But still, from the burrow beneath the maple, nothing.

Chauntecleer turned to Pertelote. “Okay,” he said, “I’ve no patience left for a mope.”

“But grief will kill him.”

“That’s what he wants, isn’t it?”

“Is that what you want?”

“Want! I want my land made new. I want to scrub the past clean out of my soul. I hate it. I want never to think of it for the rest of my life.”

“But you can’t
help
thinking about it,” Pertelote said. “You can’t rid your soul of the thing that has changed you. Chauntcleer: you must pity the Weasel. He’s slower to change. For all his bluster, he needed the past and its purpose more that you.”

“So you say, woman. But as long as he remembers, as long as he sulks, he forces me to remember. And if I have to forget John Wesley with the past—well, I will. That’s the way it is.”

“And Mundo Cani?”

“What"—Chauntecleer bristled—"about Mundo Cani?”

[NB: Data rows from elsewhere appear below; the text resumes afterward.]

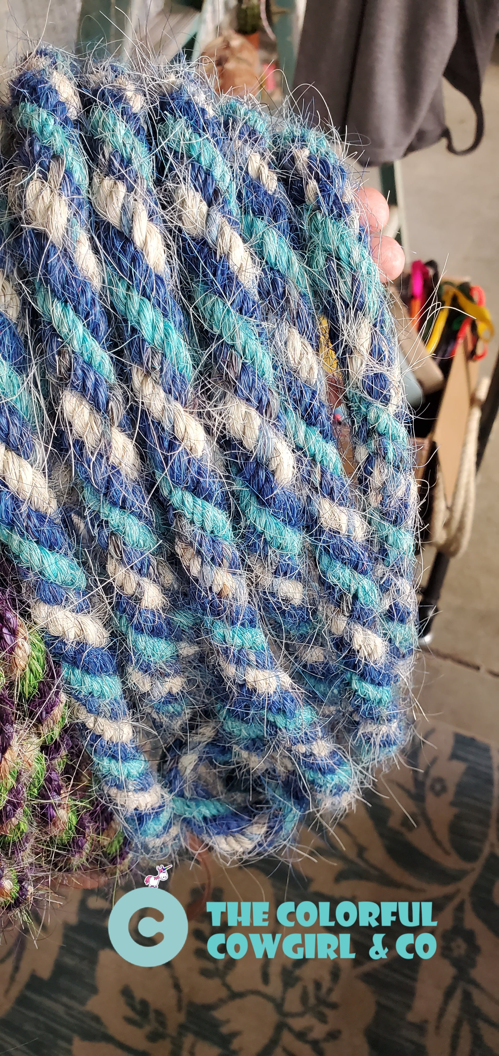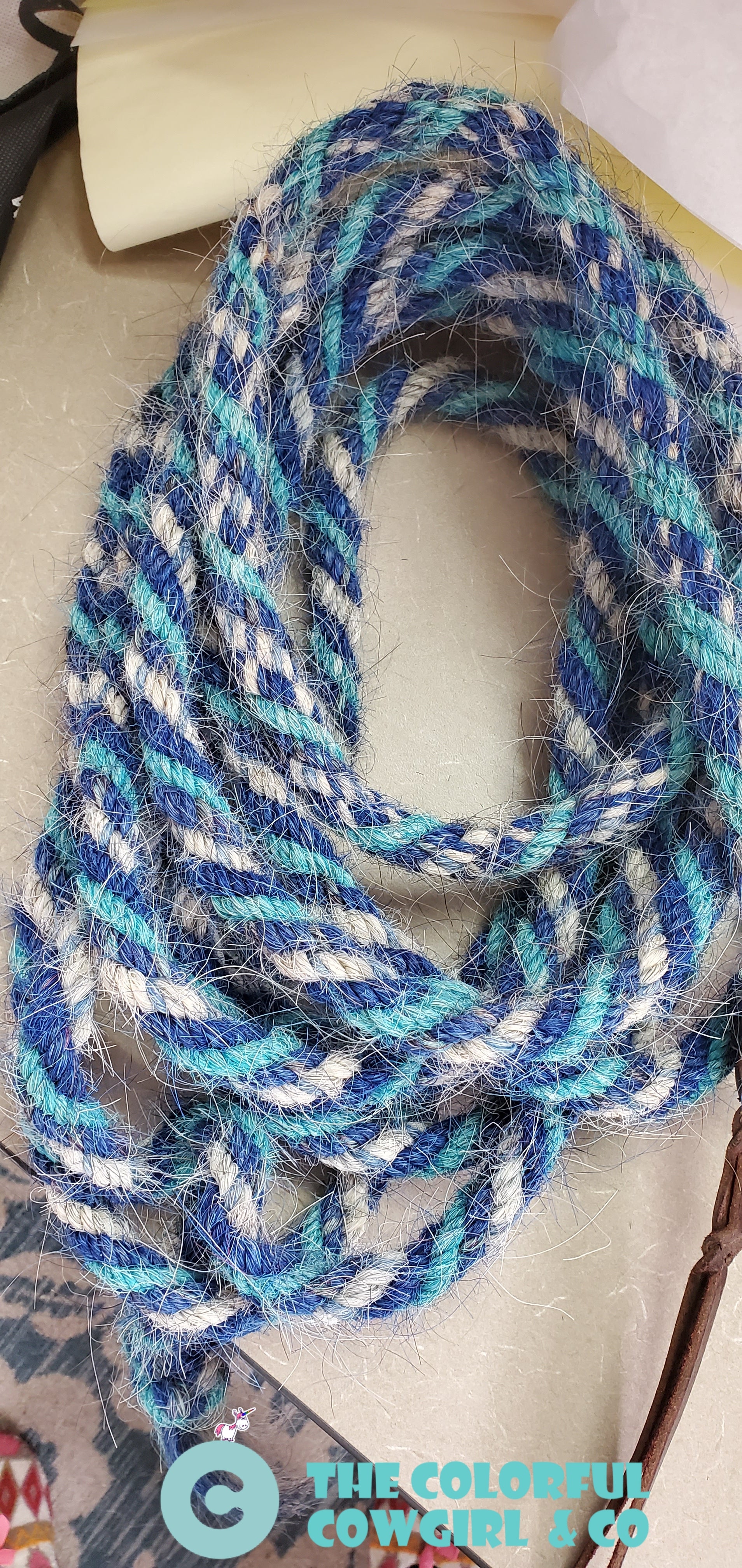 Used Colorful Cowgirl mecate. 5/8", broke in, soft, and raggy! Has been tied on a snaffle bit. Turquoise, Royal Blue, and White
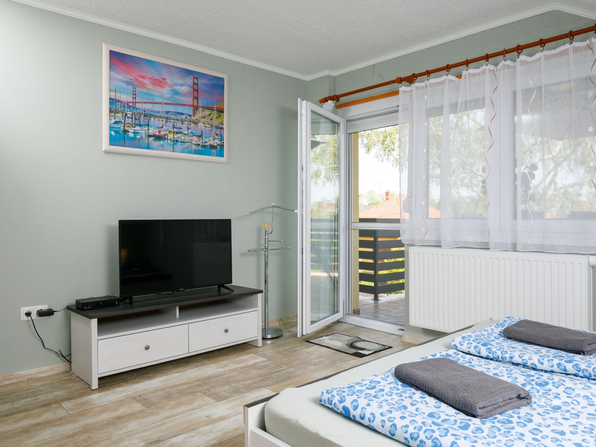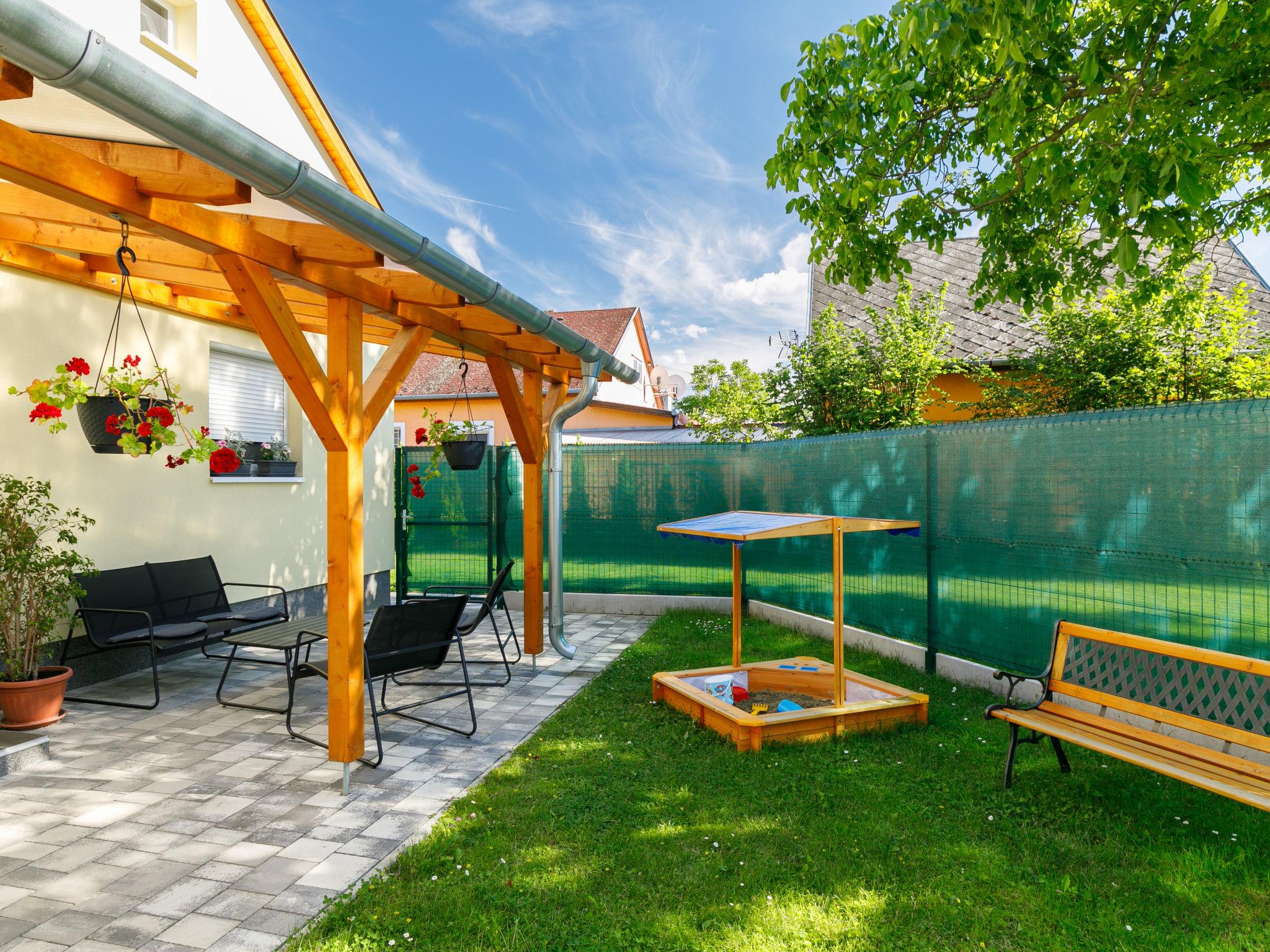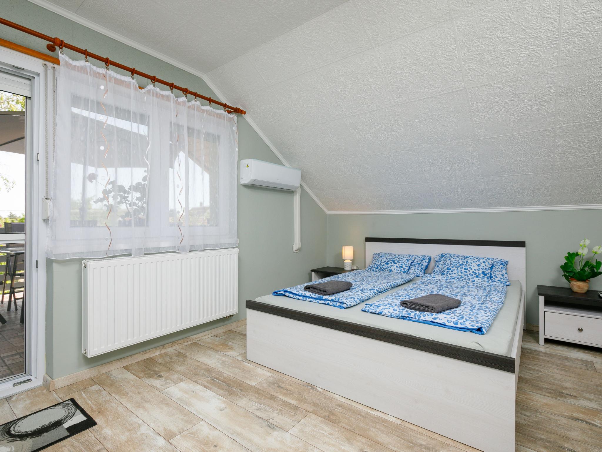 Balatonkeresztúr 20 km from Keszthely: Modern 2-family house, 2 storeys in 2022. 570 m from the lake, 700 m from the beach. Private: garden (fenced), swimming pool (above ground) (3 x 2 m, seasonal availability: 01.Jun. - 15.Sep.). Garden furniture. In the house: WiFi, central heating system, air conditioning, washing machine. Parking (for 2 cars) on the premises. Grocery 260 m, supermarket 9 km, restaurant 800 m, bakery 500 m, café 450 m, bicycle rental 8 km, thermal baths "Hévíz" 25 km. Sailing school 1 km, tennis 900 m, cycle lane 50 m, children's playground 450 m. Nearby attractions: Bella Zoo Siófok 73 km, Szántód Ferry 52 km, Adventure Park Zamárdi 60 km, Festetics Castle 20 km, Hévíz Thermal Bath 25 km, Kis-Balaton Visitor Centre 14 km.
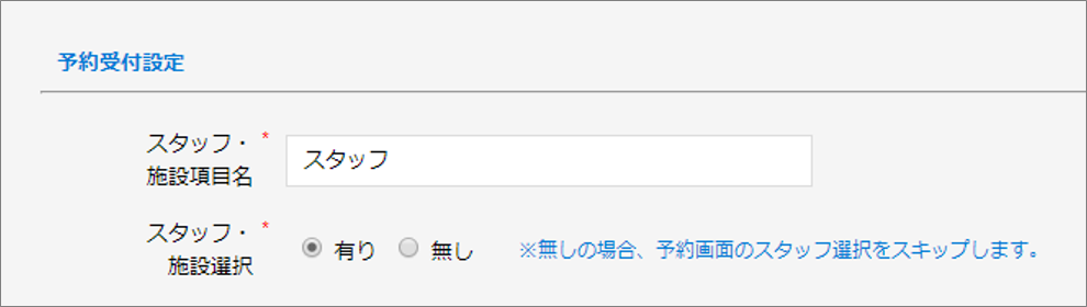 3)「予約受付設定」の「スタッフ・施設選択」を「無し」にする
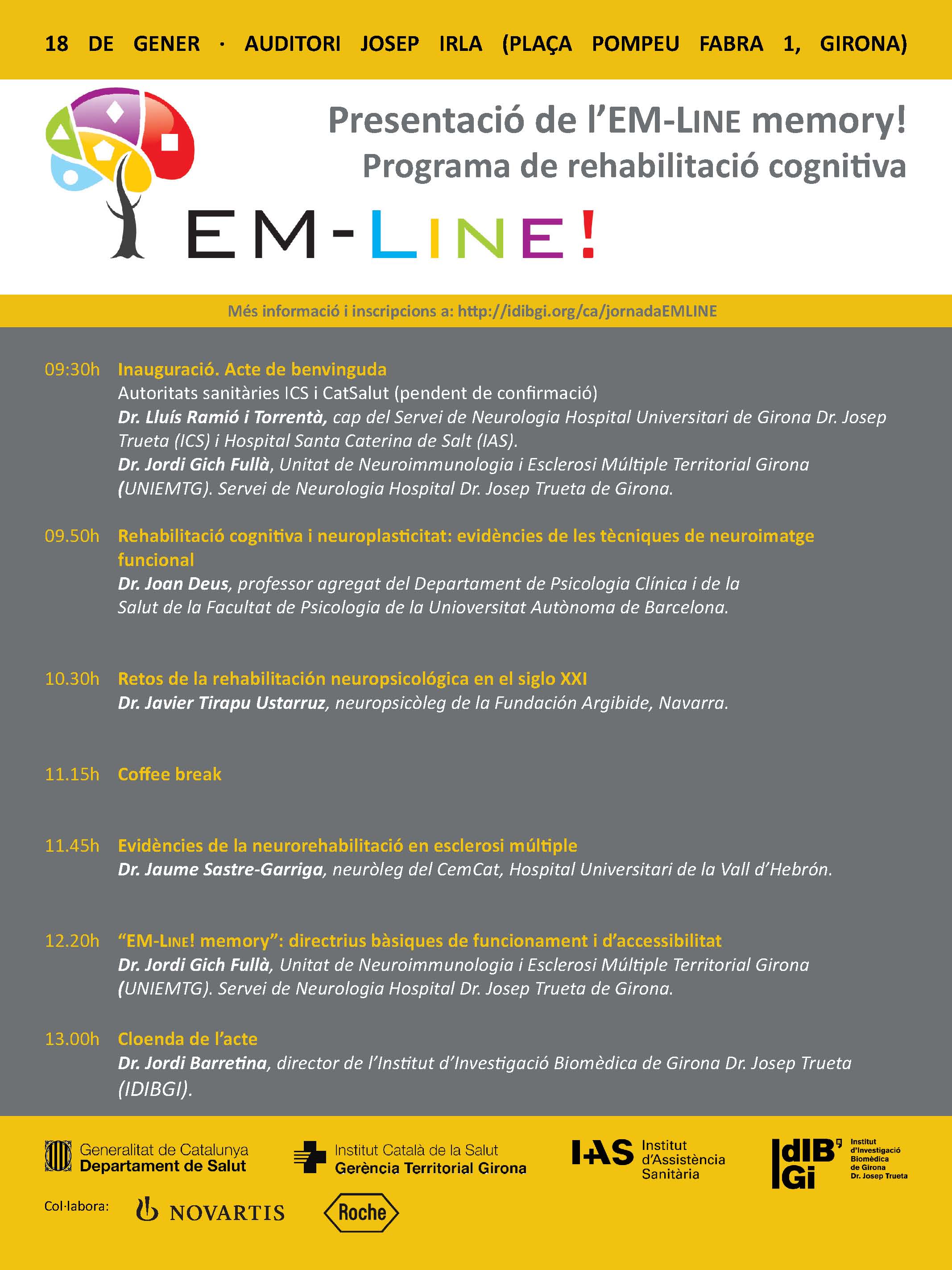 El proper 18 de gener al matí a l'Auditori Josep Irla de la Generalitat a Girona, tindrà lloc la presentació del “Projecte EM-line!”, un programa de rehabilitació cognitiva que inicialment va ser creat per a pacients afectats d’esclerosi múltiple. L’objectiu principal del “Projecte EM-line!” és proporcionar un instrument de rehabilitació cognitiva perquè els pacients ho puguin utilitzar des de casa seva, sense necessitat que el tractament interfereixi en les seves activitats habituals, amb implicació dels familiars i sense cost econòmic.

“You will forget him too?”

“No!”

But, yes. As a matter of fact, ever since Mundo Cani had conceived the means to turn Wyrm back into his dungeons, Chauntecleer had determined to forget the Dog. There was guilt in that memory. The Dog’s noble sacrifice accused the Rooster’s failure, which burned like sin in his soul.

And that—how can such contrarieties be explained?—that was the very reason why he found himself praising Mundo Cani to everyone who would listen.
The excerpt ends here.